Cryptocurrency prices topped out in June and July, with Bitcoin (BTC) hitting $13,800, simultaneous with a peak in USD volume and transaction frequency. Since then USD volume and transaction frequency has steadily declined.
That being said, USD volume and transaction frequency has not crashed in the latter half of 2019 like it did during the bear market of 2018. Rather, it has been a much more stable and slow drop, and in general the crypto market continues to be far healthier than it was during the bear market of 2018.
As discussed in a previous article on Crypto.IQ, the existence of Bitcoin futures has introduced constant short selling pressure into the market, making it so bubbles do not get too out of control before popping.

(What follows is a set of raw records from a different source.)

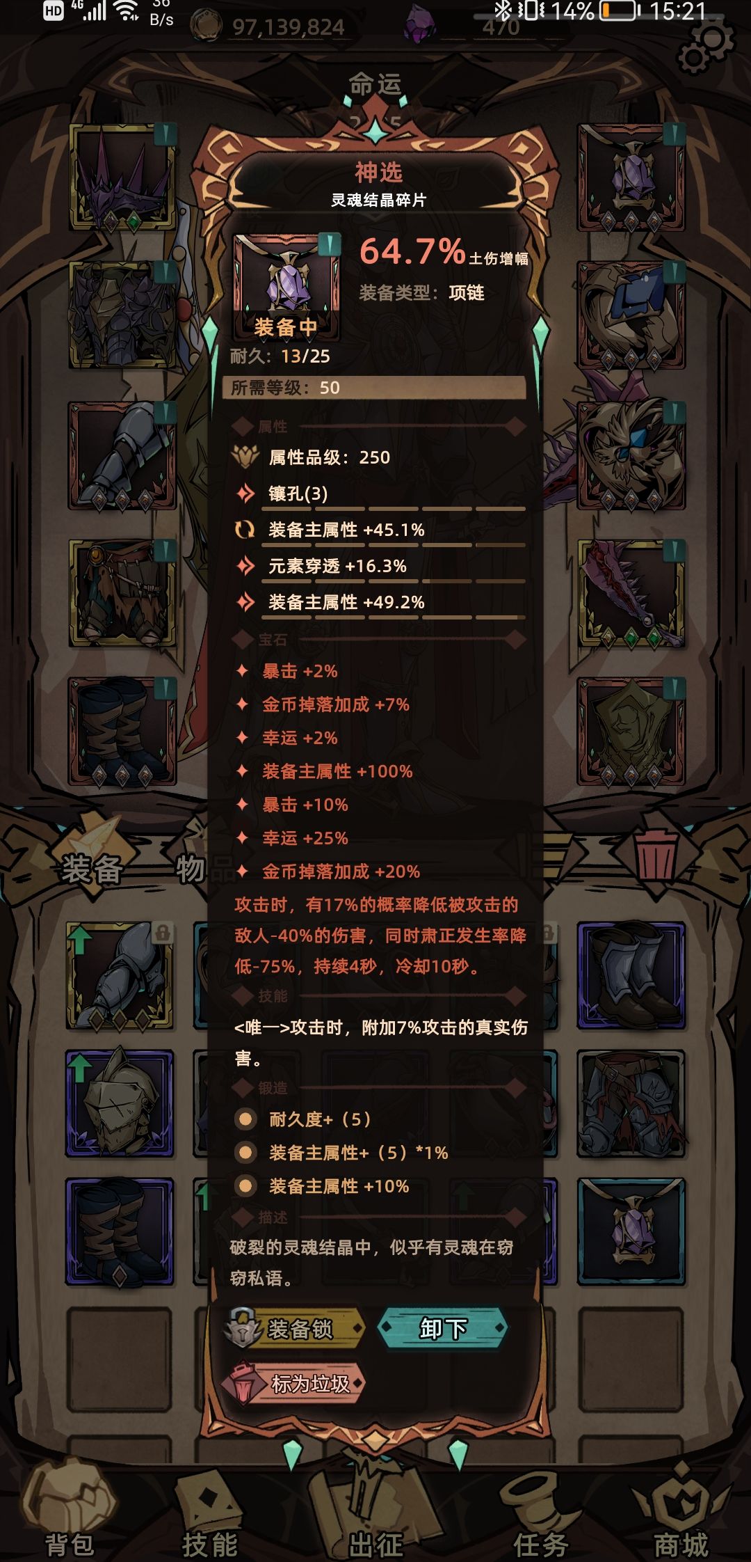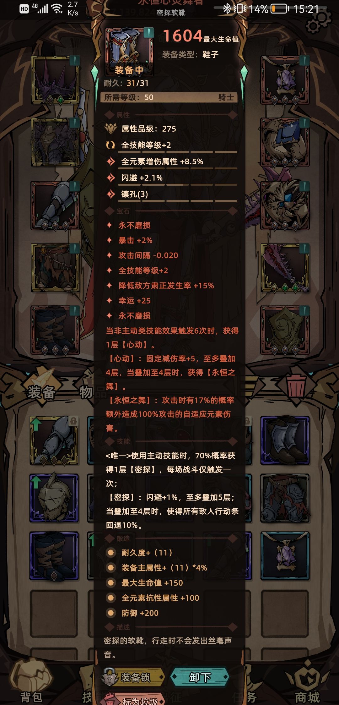 3. 没啥用系列:打造装备上的幸运,攻击,防御以及其他躲闪之类的乱七八糟属性(提升太低,无伤大雅)
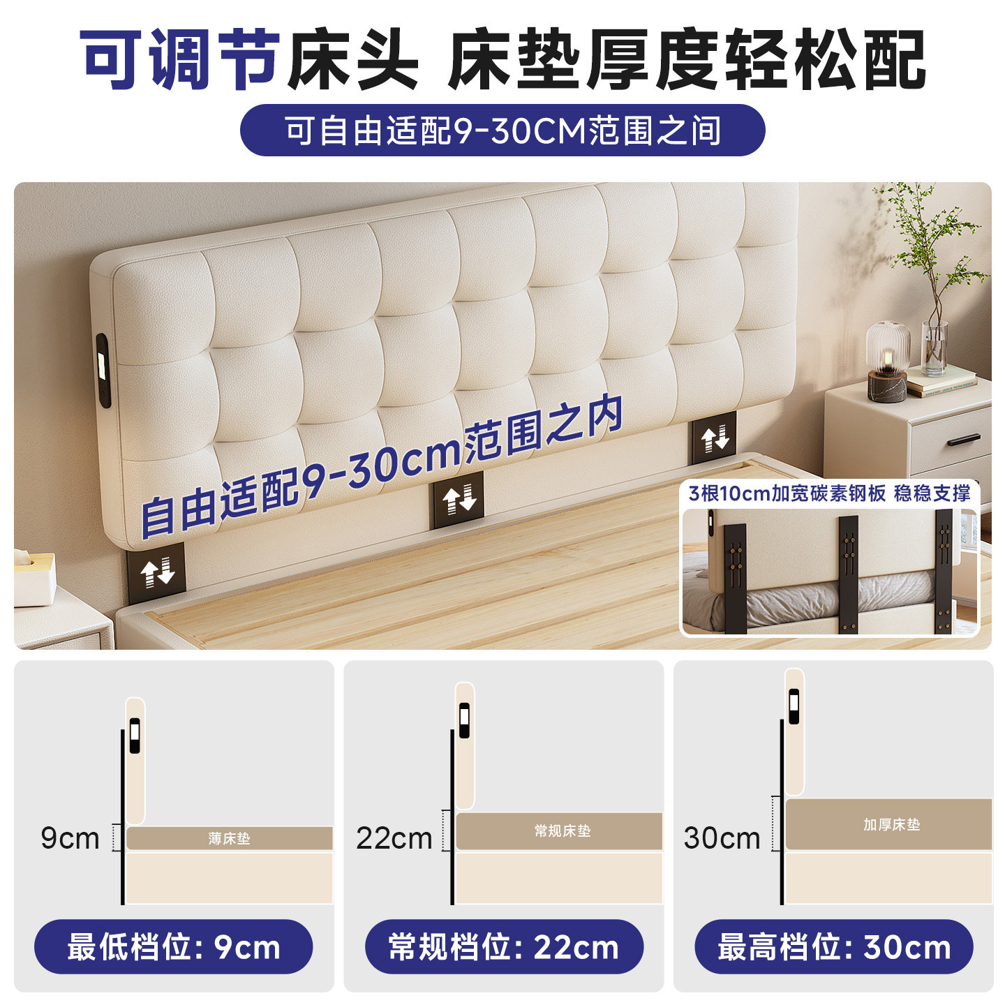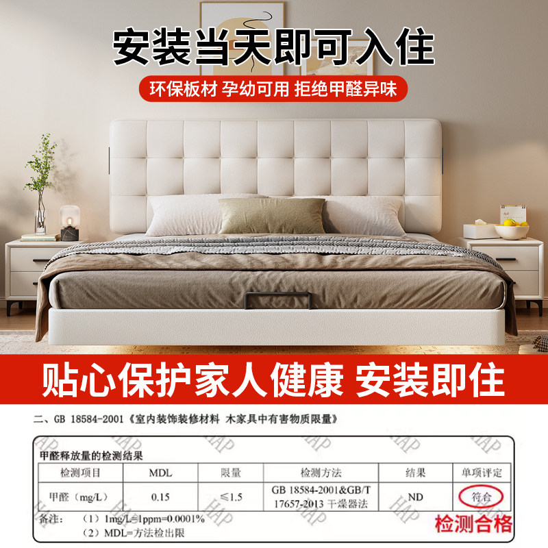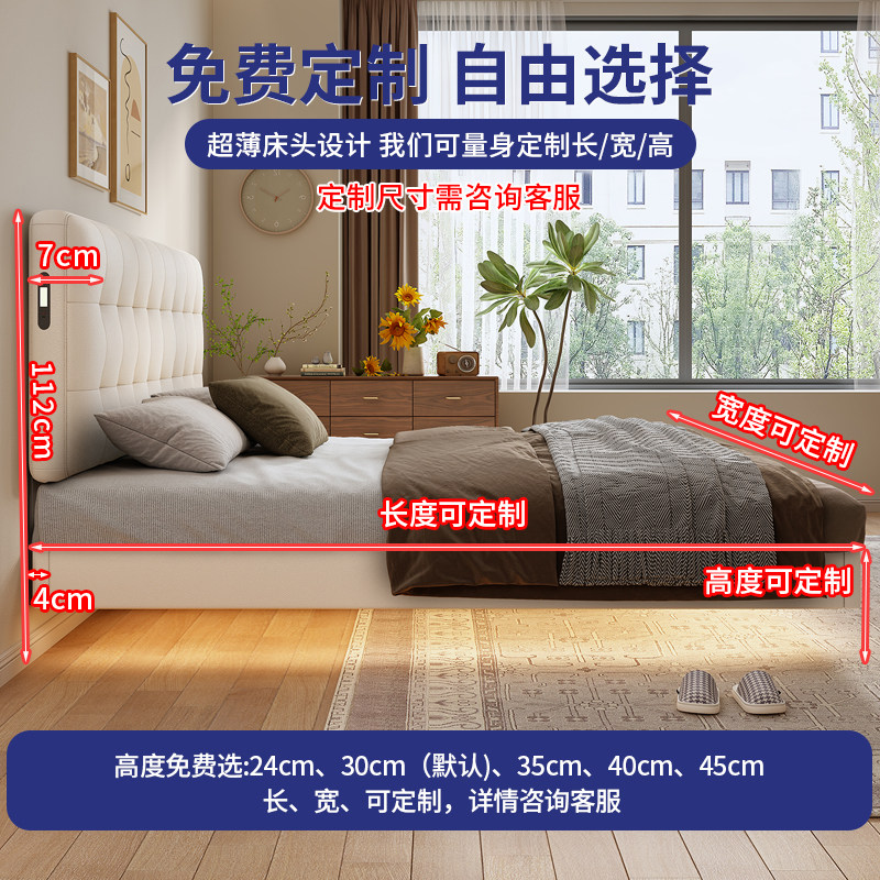 奶油风华夫格实木静音床小户型可调节薄床头悬浮双人床可定制尺寸
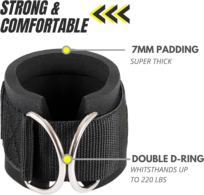 - Huge padding for Maximum Comfort: Other ankle cable attachments for gym are rough on the skin causing bruises, they rip off mid move or start breaking down due to weight. We took the old cable ankle straps concept and we upgraded it: 7 mm neoprene padding for comfort, double D-ring for weight lifting up to 220 lbs and heavy duty velcro for increased workout intensity without worrying for your safety
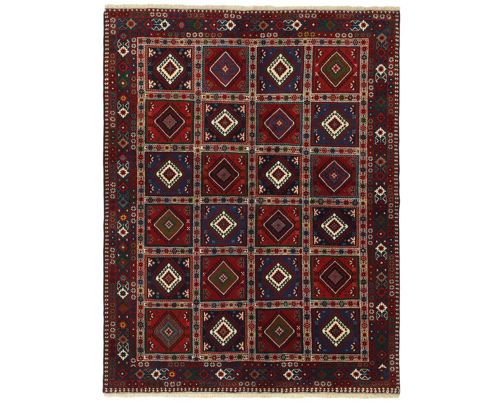 Yalameh-mattorna är handknutna ullmattor som kännetecknas av geometriska, tribala mönster i starka färger. Ullgarnet är maskinspunnet men har en mjuk lyster, och de traditionella motiven skapar en livfull, men samtidigt välstrukturerad yta. Knuttätheten ligger mellan 250 000 och 350 000 knutar per kvadratmeter. Oanvänd.
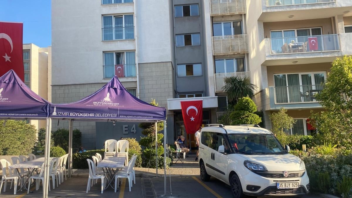 Astsubay emeklisi Özcan Akar ile askeriyeden emekli memur Jüliye Akar’ın iki çocuğundan büyüğü olduğu öğrenilen şehit ailesinin oturduğu siteye Türk bayrakları asılırken, evin önüne taziye çadırı kuruldu.
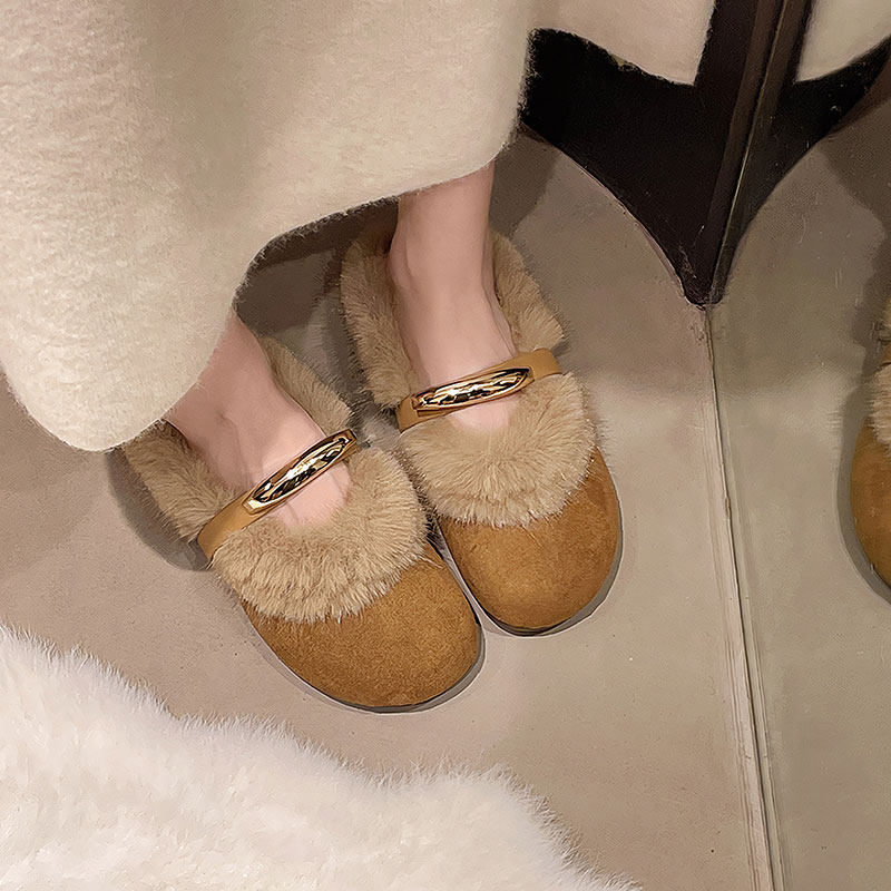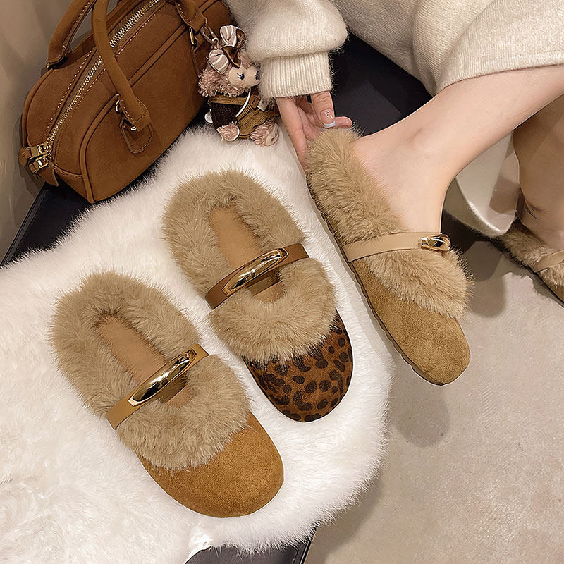 水貂绒包头半拖鞋女外穿2025新款秋冬美拉德一字带加绒防滑棉拖鞋
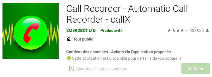 [su_button url= »https://play.google.com/store/apps/details?id=com.smsrobot.callrecorder&hl=fr » target= »blank » style= »flat » size= »6″ center= »yes »]Télécharger maintenant [/su_button]
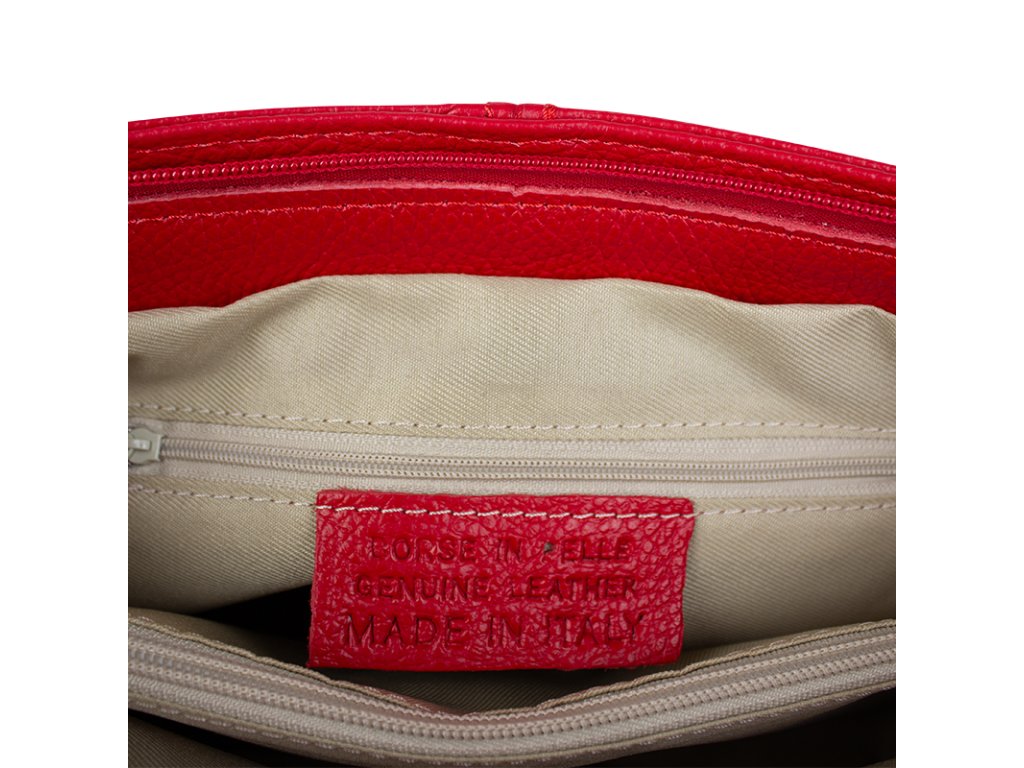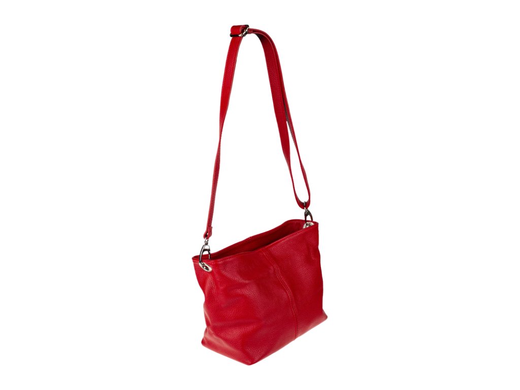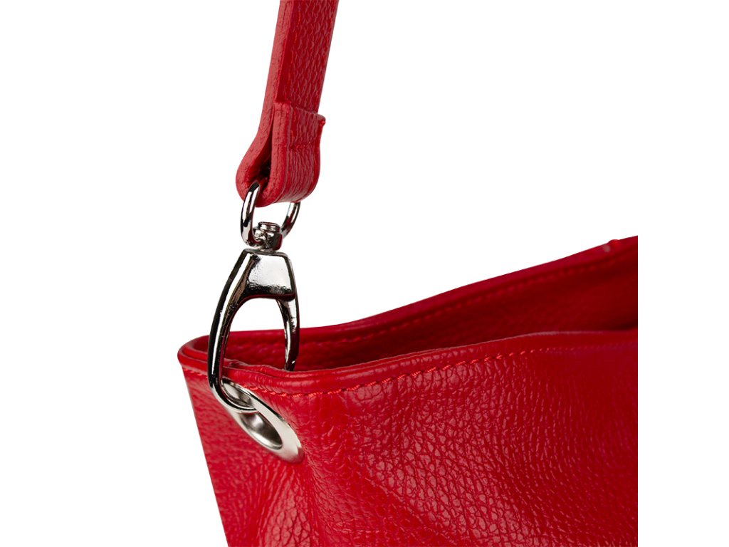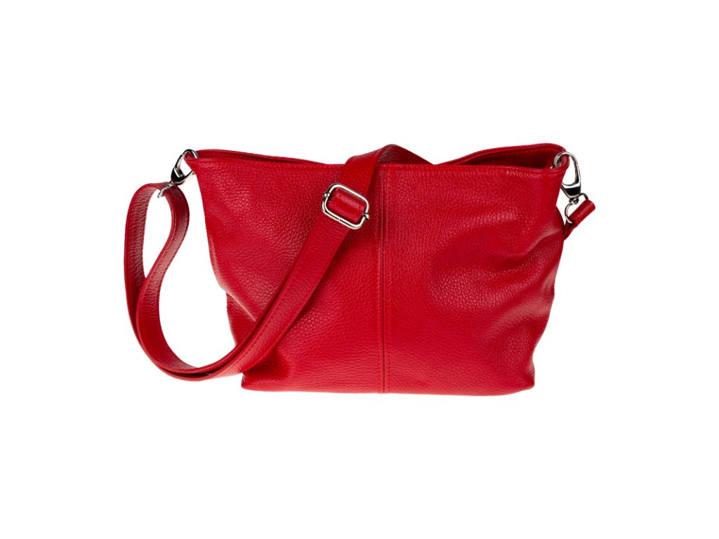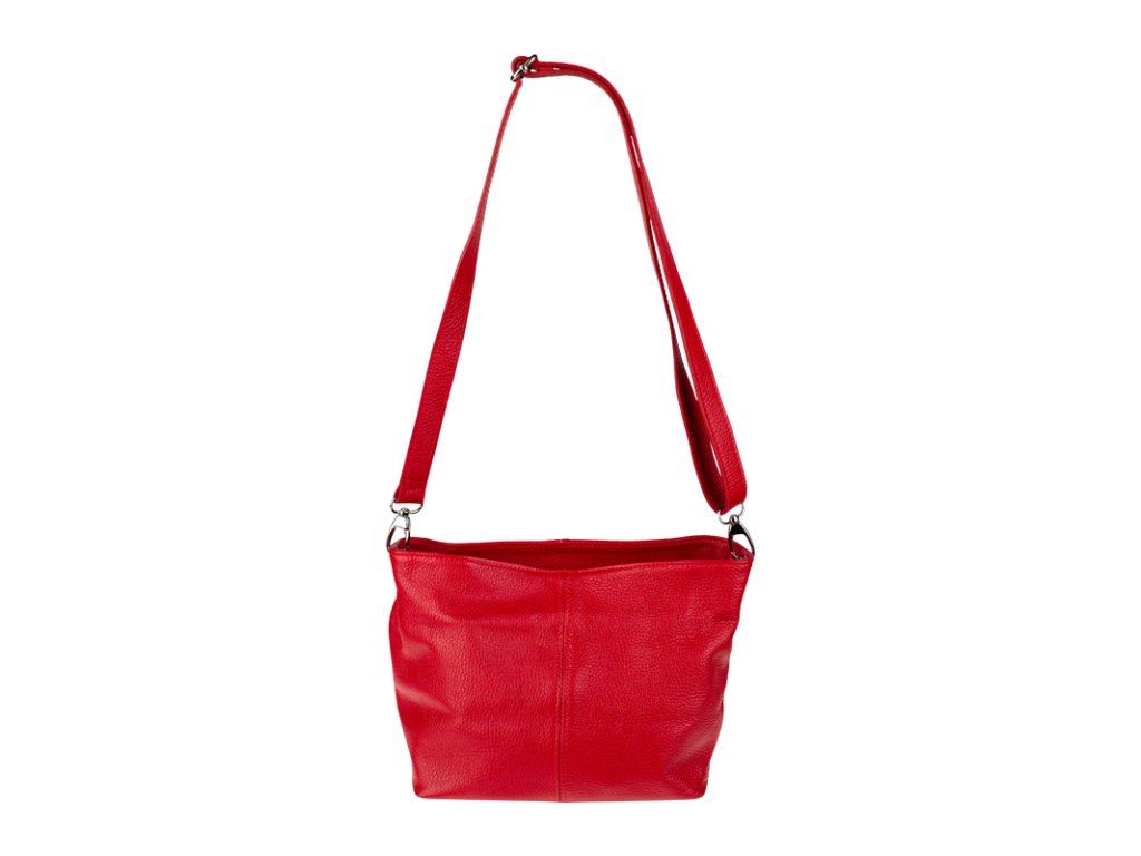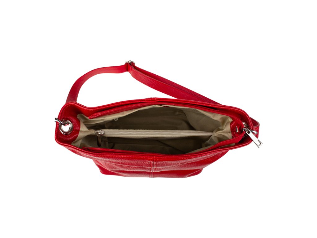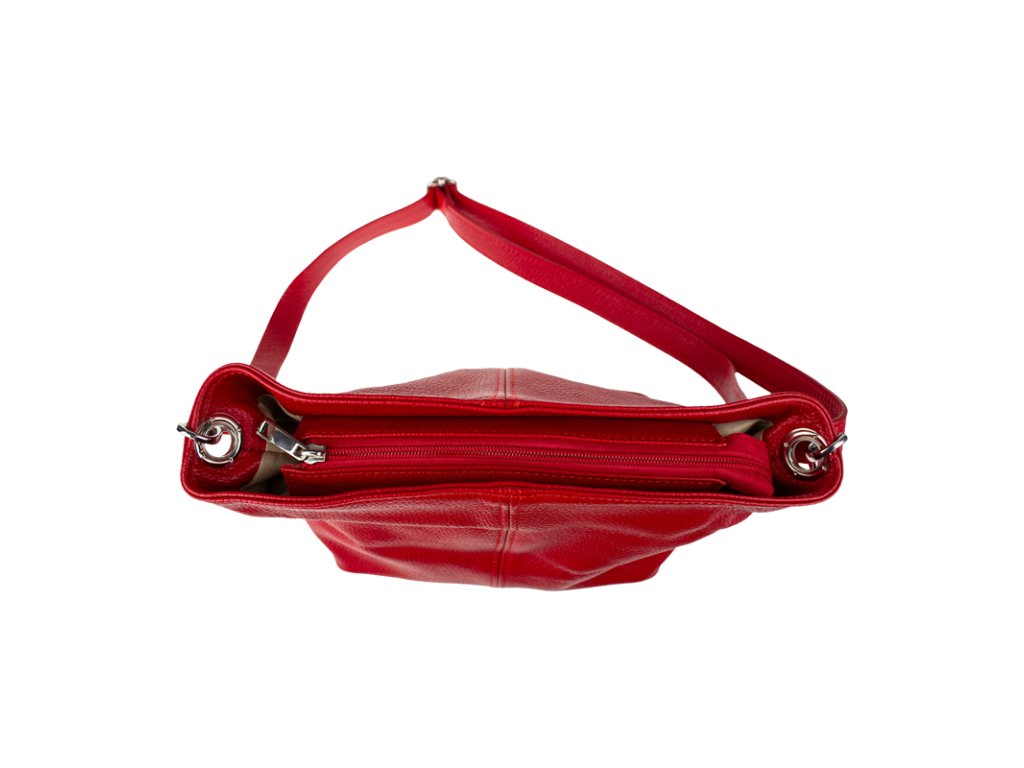 Praktická červená kabelka uzatvárateľná na zips, nositeľná cez rameno alebo cross-body (krížom). Vo vnútri disponuje priečkou, ktorá zároveň slúži ako úložná priehradka so zipsom a na bočnej stene sa nachádza ďalšie zipsovacie vrecko. Hĺbka jej dna je 13 cm. Kabelka má naviac nastaviteľný popruh s maximálnou dĺžkou cca 120 cm.

Essentially, the boom and bust cycle of the crypto market is diminished by the existence of Bitcoin futures, and this data from Chainalysis seems to prove this. Basically, even though there was a massive rally in 2019, it stopped before becoming a hyperinflated bubble, and even after the rally ended the crypto market remains healthy since the crash was not too severe.
Perhaps this sets a precedent for the future of the crypto market, where the boom and bust bubble cycle will not be that extreme anymore.